Prompt: The listing below is to be transcribed exactly.

Supplied material:
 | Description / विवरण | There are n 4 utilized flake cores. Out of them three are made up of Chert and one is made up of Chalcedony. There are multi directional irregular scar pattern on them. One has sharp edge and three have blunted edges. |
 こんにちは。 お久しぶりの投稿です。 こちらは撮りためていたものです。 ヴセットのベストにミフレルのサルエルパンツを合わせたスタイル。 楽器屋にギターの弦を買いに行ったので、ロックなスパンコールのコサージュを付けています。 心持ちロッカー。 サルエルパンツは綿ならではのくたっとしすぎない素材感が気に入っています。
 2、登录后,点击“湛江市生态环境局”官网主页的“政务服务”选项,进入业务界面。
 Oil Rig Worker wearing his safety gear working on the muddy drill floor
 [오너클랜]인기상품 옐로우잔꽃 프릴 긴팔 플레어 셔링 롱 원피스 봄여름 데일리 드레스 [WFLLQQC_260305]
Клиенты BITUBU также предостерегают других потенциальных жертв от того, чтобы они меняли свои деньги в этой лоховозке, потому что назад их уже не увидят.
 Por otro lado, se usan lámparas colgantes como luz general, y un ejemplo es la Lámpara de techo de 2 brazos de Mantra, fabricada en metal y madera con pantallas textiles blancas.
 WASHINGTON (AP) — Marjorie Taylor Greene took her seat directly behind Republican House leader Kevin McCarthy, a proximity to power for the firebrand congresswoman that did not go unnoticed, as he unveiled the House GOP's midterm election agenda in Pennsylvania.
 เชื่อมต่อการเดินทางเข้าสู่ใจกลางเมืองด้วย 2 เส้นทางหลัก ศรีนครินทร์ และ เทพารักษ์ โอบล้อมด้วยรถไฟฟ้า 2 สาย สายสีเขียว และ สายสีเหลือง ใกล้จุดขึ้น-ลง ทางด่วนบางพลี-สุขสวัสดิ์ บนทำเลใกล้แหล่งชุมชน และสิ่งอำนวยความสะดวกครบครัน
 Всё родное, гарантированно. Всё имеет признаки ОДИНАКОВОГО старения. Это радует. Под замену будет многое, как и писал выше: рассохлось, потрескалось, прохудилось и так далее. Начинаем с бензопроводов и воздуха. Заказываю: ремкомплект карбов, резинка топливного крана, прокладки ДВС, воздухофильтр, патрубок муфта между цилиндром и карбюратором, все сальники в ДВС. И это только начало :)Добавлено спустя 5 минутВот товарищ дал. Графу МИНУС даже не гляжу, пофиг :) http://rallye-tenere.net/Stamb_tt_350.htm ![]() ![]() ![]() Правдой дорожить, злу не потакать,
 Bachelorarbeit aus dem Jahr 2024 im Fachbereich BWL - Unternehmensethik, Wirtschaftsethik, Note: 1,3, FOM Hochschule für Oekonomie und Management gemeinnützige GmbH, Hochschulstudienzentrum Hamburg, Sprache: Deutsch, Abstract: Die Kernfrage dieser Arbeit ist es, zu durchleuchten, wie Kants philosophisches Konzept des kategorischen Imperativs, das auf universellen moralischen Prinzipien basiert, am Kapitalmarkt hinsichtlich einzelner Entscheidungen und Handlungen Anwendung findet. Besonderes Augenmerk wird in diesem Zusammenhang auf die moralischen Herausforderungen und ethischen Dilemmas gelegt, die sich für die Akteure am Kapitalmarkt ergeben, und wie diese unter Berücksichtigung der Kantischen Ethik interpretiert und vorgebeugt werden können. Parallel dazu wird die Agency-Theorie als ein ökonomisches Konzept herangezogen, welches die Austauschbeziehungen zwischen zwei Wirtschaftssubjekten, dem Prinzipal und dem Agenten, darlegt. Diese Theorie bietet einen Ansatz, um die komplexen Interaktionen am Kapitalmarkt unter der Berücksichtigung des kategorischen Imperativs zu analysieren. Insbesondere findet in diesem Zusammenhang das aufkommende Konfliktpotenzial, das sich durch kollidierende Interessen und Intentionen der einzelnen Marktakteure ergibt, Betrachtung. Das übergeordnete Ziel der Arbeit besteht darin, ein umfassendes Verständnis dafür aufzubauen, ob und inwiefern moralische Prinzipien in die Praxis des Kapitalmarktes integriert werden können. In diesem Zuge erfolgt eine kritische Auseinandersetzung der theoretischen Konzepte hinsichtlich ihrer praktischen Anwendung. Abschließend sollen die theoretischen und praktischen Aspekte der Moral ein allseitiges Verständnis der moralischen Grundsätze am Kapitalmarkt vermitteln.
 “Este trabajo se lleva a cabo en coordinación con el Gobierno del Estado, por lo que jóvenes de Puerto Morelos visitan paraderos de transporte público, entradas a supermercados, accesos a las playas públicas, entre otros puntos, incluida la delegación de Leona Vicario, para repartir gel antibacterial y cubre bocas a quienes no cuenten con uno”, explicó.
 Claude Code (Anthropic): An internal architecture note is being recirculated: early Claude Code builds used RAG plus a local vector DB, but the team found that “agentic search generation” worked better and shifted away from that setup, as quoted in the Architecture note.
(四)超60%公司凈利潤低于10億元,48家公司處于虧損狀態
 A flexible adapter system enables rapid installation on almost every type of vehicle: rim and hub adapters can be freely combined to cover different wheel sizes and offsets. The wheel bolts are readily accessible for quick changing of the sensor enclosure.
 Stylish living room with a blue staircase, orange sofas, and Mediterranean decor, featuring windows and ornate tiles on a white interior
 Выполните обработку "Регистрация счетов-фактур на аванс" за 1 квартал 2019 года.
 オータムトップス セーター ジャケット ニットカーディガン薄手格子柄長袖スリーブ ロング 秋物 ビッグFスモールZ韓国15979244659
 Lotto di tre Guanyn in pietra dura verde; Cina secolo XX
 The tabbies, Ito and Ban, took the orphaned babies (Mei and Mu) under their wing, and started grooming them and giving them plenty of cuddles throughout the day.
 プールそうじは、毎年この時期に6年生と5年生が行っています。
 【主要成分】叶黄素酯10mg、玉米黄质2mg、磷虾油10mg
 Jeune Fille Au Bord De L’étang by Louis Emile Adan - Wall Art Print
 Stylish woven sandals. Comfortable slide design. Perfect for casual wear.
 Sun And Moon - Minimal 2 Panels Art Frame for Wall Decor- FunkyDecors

Result for this task:
 | Description / विवरण | There are n 4 utilized flake cores. Out of them three are made up of Chert and one is made up of Chalcedony. There are multi directional irregular scar pattern on them. One has sharp edge and three have blunted edges. |
 こんにちは。 お久しぶりの投稿です。 こちらは撮りためていたものです。 ヴセットのベストにミフレルのサルエルパンツを合わせたスタイル。 楽器屋にギターの弦を買いに行ったので、ロックなスパンコールのコサージュを付けています。 心持ちロッカー。 サルエルパンツは綿ならではのくたっとしすぎない素材感が気に入っています。
 2、登录后,点击“湛江市生态环境局”官网主页的“政务服务”选项,进入业务界面。
 Oil Rig Worker wearing his safety gear working on the muddy drill floor
 [오너클랜]인기상품 옐로우잔꽃 프릴 긴팔 플레어 셔링 롱 원피스 봄여름 데일리 드레스 [WFLLQQC_260305]
Клиенты BITUBU также предостерегают других потенциальных жертв от того, чтобы они меняли свои деньги в этой лоховозке, потому что назад их уже не увидят.
 Por otro lado, se usan lámparas colgantes como luz general, y un ejemplo es la Lámpara de techo de 2 brazos de Mantra, fabricada en metal y madera con pantallas textiles blancas.
 WASHINGTON (AP) — Marjorie Taylor Greene took her seat directly behind Republican House leader Kevin McCarthy, a proximity to power for the firebrand congresswoman that did not go unnoticed, as he unveiled the House GOP's midterm election agenda in Pennsylvania.
 เชื่อมต่อการเดินทางเข้าสู่ใจกลางเมืองด้วย 2 เส้นทางหลัก ศรีนครินทร์ และ เทพารักษ์ โอบล้อมด้วยรถไฟฟ้า 2 สาย สายสีเขียว และ สายสีเหลือง ใกล้จุดขึ้น-ลง ทางด่วนบางพลี-สุขสวัสดิ์ บนทำเลใกล้แหล่งชุมชน และสิ่งอำนวยความสะดวกครบครัน
 Всё родное, гарантированно. Всё имеет признаки ОДИНАКОВОГО старения. Это радует. Под замену будет многое, как и писал выше: рассохлось, потрескалось, прохудилось и так далее. Начинаем с бензопроводов и воздуха. Заказываю: ремкомплект карбов, резинка топливного крана, прокладки ДВС, воздухофильтр, патрубок муфта между цилиндром и карбюратором, все сальники в ДВС. И это только начало :)Добавлено спустя 5 минутВот товарищ дал. Графу МИНУС даже не гляжу, пофиг :) http://rallye-tenere.net/Stamb_tt_350.htm ![]() ![]() ![]() Правдой дорожить, злу не потакать,
 Bachelorarbeit aus dem Jahr 2024 im Fachbereich BWL - Unternehmensethik, Wirtschaftsethik, Note: 1,3, FOM Hochschule für Oekonomie und Management gemeinnützige GmbH, Hochschulstudienzentrum Hamburg, Sprache: Deutsch, Abstract: Die Kernfrage dieser Arbeit ist es, zu durchleuchten, wie Kants philosophisches Konzept des kategorischen Imperativs, das auf universellen moralischen Prinzipien basiert, am Kapitalmarkt hinsichtlich einzelner Entscheidungen und Handlungen Anwendung findet. Besonderes Augenmerk wird in diesem Zusammenhang auf die moralischen Herausforderungen und ethischen Dilemmas gelegt, die sich für die Akteure am Kapitalmarkt ergeben, und wie diese unter Berücksichtigung der Kantischen Ethik interpretiert und vorgebeugt werden können. Parallel dazu wird die Agency-Theorie als ein ökonomisches Konzept herangezogen, welches die Austauschbeziehungen zwischen zwei Wirtschaftssubjekten, dem Prinzipal und dem Agenten, darlegt. Diese Theorie bietet einen Ansatz, um die komplexen Interaktionen am Kapitalmarkt unter der Berücksichtigung des kategorischen Imperativs zu analysieren. Insbesondere findet in diesem Zusammenhang das aufkommende Konfliktpotenzial, das sich durch kollidierende Interessen und Intentionen der einzelnen Marktakteure ergibt, Betrachtung. Das übergeordnete Ziel der Arbeit besteht darin, ein umfassendes Verständnis dafür aufzubauen, ob und inwiefern moralische Prinzipien in die Praxis des Kapitalmarktes integriert werden können. In diesem Zuge erfolgt eine kritische Auseinandersetzung der theoretischen Konzepte hinsichtlich ihrer praktischen Anwendung. Abschließend sollen die theoretischen und praktischen Aspekte der Moral ein allseitiges Verständnis der moralischen Grundsätze am Kapitalmarkt vermitteln.
 “Este trabajo se lleva a cabo en coordinación con el Gobierno del Estado, por lo que jóvenes de Puerto Morelos visitan paraderos de transporte público, entradas a supermercados, accesos a las playas públicas, entre otros puntos, incluida la delegación de Leona Vicario, para repartir gel antibacterial y cubre bocas a quienes no cuenten con uno”, explicó.
 Claude Code (Anthropic): An internal architecture note is being recirculated: early Claude Code builds used RAG plus a local vector DB, but the team found that “agentic search generation” worked better and shifted away from that setup, as quoted in the Architecture note.
(四)超60%公司凈利潤低于10億元,48家公司處于虧損狀態
 A flexible adapter system enables rapid installation on almost every type of vehicle: rim and hub adapters can be freely combined to cover different wheel sizes and offsets. The wheel bolts are readily accessible for quick changing of the sensor enclosure.
 Stylish living room with a blue staircase, orange sofas, and Mediterranean decor, featuring windows and ornate tiles on a white interior
 Выполните обработку "Регистрация счетов-фактур на аванс" за 1 квартал 2019 года.
 オータムトップス セーター ジャケット ニットカーディガン薄手格子柄長袖スリーブ ロング 秋物 ビッグFスモールZ韓国15979244659
 Lotto di tre Guanyn in pietra dura verde; Cina secolo XX
 The tabbies, Ito and Ban, took the orphaned babies (Mei and Mu) under their wing, and started grooming them and giving them plenty of cuddles throughout the day.
 プールそうじは、毎年この時期に6年生と5年生が行っています。
 【主要成分】叶黄素酯10mg、玉米黄质2mg、磷虾油10mg
 Jeune Fille Au Bord De L’étang by Louis Emile Adan - Wall Art Print
 Stylish woven sandals. Comfortable slide design. Perfect for casual wear.
 Sun And Moon - Minimal 2 Panels Art Frame for Wall Decor- FunkyDecors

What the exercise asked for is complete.